ACRP Report 11: Guidebook on Preparing Airport Greenhouse Gas Emissions Inventories (April 2009) (PDF 1.72mb)

Transportation Research Board

ACRP Report 11: Guidebook on Preparing Airport Greenhouse Gas Emissions Inventories provides a framework for identifying and quantifying specific components of airport contributions to greenhouse gas emissions (GHG). This guidebook can be used by airport operators and others to prepare an airport-specific inventory of greenhouse gas emissions. It identifies calculation methods that can be applied consistently, improving comparability among airports and enhancing understanding of relative contributions of greenhouse gases to local environments. The inventory methods presented focus on the six primary greenhouse gases: carbon dioxide, methane, nitrous oxide, sulfur hexafluoride, hydrofluorocarbons, and perfluorocarbons. As part of the methodology, the guidebook provides instructions on how to calculate emissions from specific sources and how to create carbon dioxide (CO2) equivalencies.
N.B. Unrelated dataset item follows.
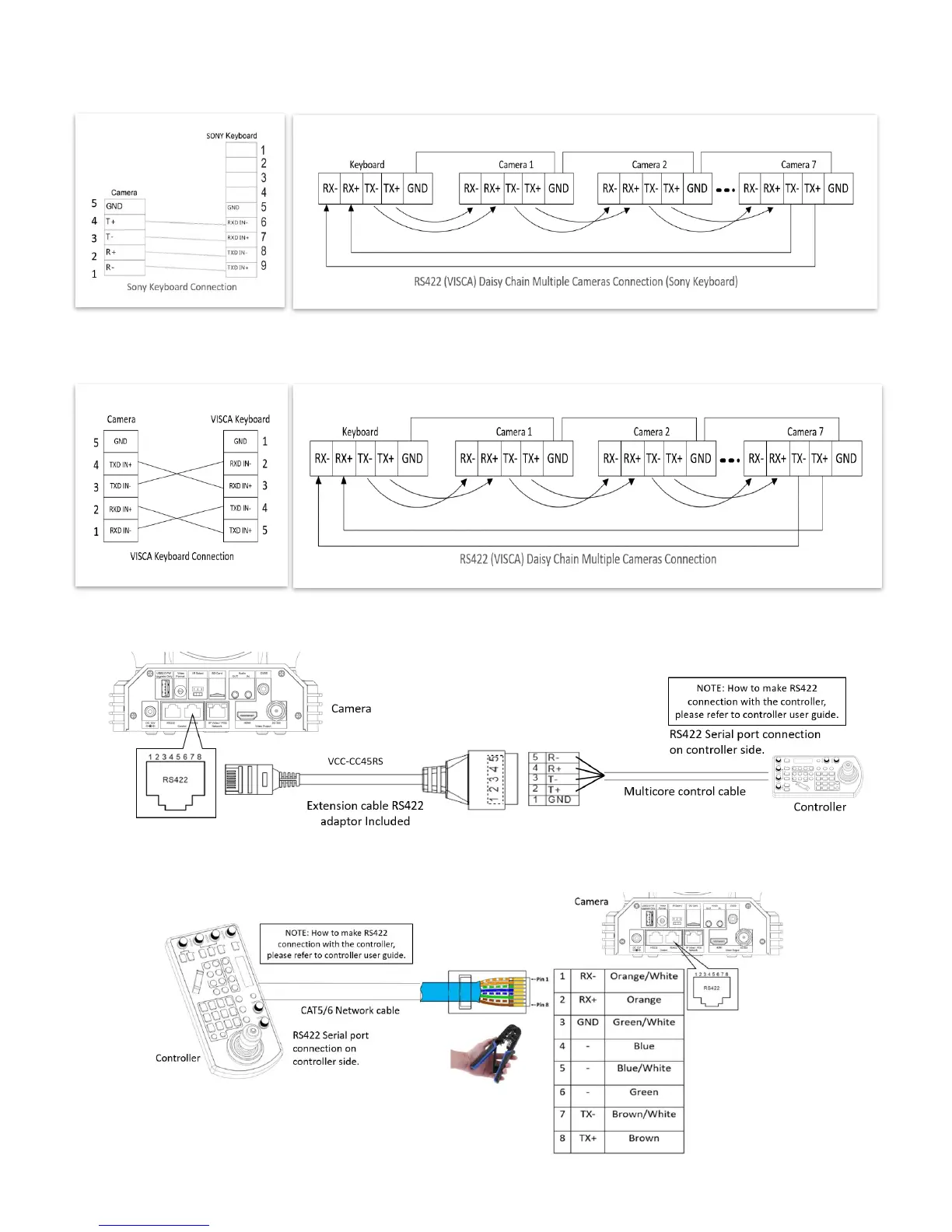 10. How to make RS422 connection and RS422 Daisy Chain multiple cameras connection with Non-Sony controller as below:
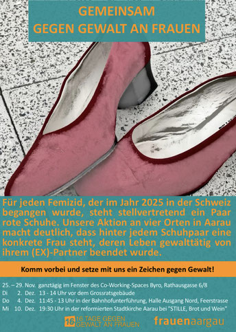 25 Paar blutrote Schuhe werden an vier verschiedenen öffentlichen Plätzen in der Stadt aufgestellt. Für jede Frau*, die im Jahr 2025 durch Partner oder Ex-Partner in der Schweiz getötet wurde, steht eines der Schuhpaare. Eine erschreckend hohe Zahl! Hinweise zum Alter der Frau, zum Ort und Datum der Tötung machen deutlich, dass hinter jedem Paar eine konkrete Frau* steht, deren Leben gewalttätig beendet wurde.

Climate Leadership in Parks (CLIP)

(Currently not publicly available)

U.S. Environmental Protection Agency

This tool calculates emissions based on fuel consumption and/or vehicle miles traveled and thus allows for greenhouse gas (GHG) and criteria pollutant emissions estimation at a more local level.

COMMUTER Model (PDF 1.02mb)

U.S. Environmental Protection Agency

This model analyzes the impacts of transportation control measures (TCMs) on vehicle miles traveled (VMT), criteria pollutant emissions, and CO₂.

EMFAC Model

California Air Resources Board

This model produces emission rates and inventories for criteria air pollutants and CO₂. It is the approved emissions model used in the State of California for SIP development, conformity analysis, and other analyses that are typically conducted using MOBILE6 in other states.

The Greenhouse Gases, Regulated Emissions, and Energy Use in Transportation (GREET) model

Argonne National Laboratory

This full life-cycle model was designed to evaluate energy and emission impacts of advanced vehicle technologies and new transportation fuel combinations on a full fuel-cycle/vehicle-cycle basis.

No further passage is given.